Self-respect is a concept discreetly lurking in the background of our subconscious, but it moves to the forefront when we realize that we’ve sacrificed it in favor of something else we thought we required to be happy. At that moment, self-respect becomes as basic and central to happiness as love—because it’s about loving ourselves, is it not?

For Joan Didion, the realization that she’d outgrown her childhood ability to attract all that she needed for happiness in life brought into focus the harsh reality that she alone is the architect of her own self-respect, but first, she had to face her own self-deception. In Slouching Towards Bethlehem, she writes,

Although to be driven back upon oneself is an uneasy affair at best, rather like trying to cross a border with borrowed credentials, it seems to me now the one condition necessary to the beginnings of self-respect.
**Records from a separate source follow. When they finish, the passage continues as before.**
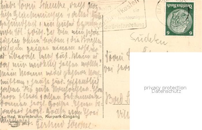 old postcard Bad Warmbrunn Kurpark Eingang postalisch gelaufen Erhaltung siehe scans [FriedD77]
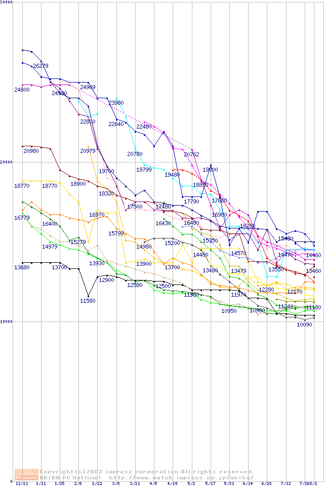 HDD主要製品(最安値1万5千円~2万円未満)の最安値推移
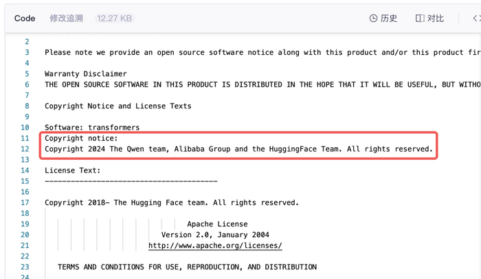 除此之外,HonestAGI还发现盘古大模型官方在GitCode中发布的代码中,还异常地包含了Qwen 2024的许可证。其意在指出,盘古大模型团队所用到的“transformers”组件的版权归属于Qwen团队、阿里巴巴集团和HuggingFace团队。
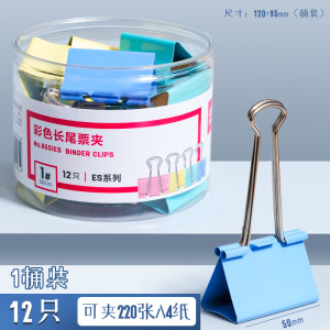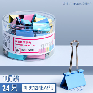 得力8553ES彩色长尾票夹筒装(混)(24只/筒)

In thinking back on the weeks we’ve spent in assaying the essay as a literary form, I realize that it is incomplete without a review of Joan Didion’s oeuvre. There is much to assimilate and digest in Didion’s writing and as I read the first essay, I was reminded of a recent discussion about “persona” as it pertains to the essay. This quote from Nicole Wallack’s, Crafting Presence immediately came to mind:

No matter how revealing, confessional, narrative, or self-reflexive writers decide to be, no matter how completely writers rely on autobiography as the source of inspiration and evidence, and no matter how visibly and often writers figure their presence in the first-person singular, essays are not “personal.”

In “On Self-Respect,” a title that naturally made me think of Montaigne, Didion displays the “fierce attachment to an idea” that Nicole Wallack writes about later in her book. Didion’s idea is the complication between innocence and self-respect and self-worth. She begins her essay by telling us,

Once, in a dry season, I wrote in large letters across two pages of a notebook that innocence ends when one is stripped of the delusion that one likes oneself. Although now, some years later, I marvel that a mind on the outs with itself should have nonetheless made a painstaking record of its every tremor, I recall with embarrassing clarity the flavor of those particular ashes. It was a matter of misplaced self-respect.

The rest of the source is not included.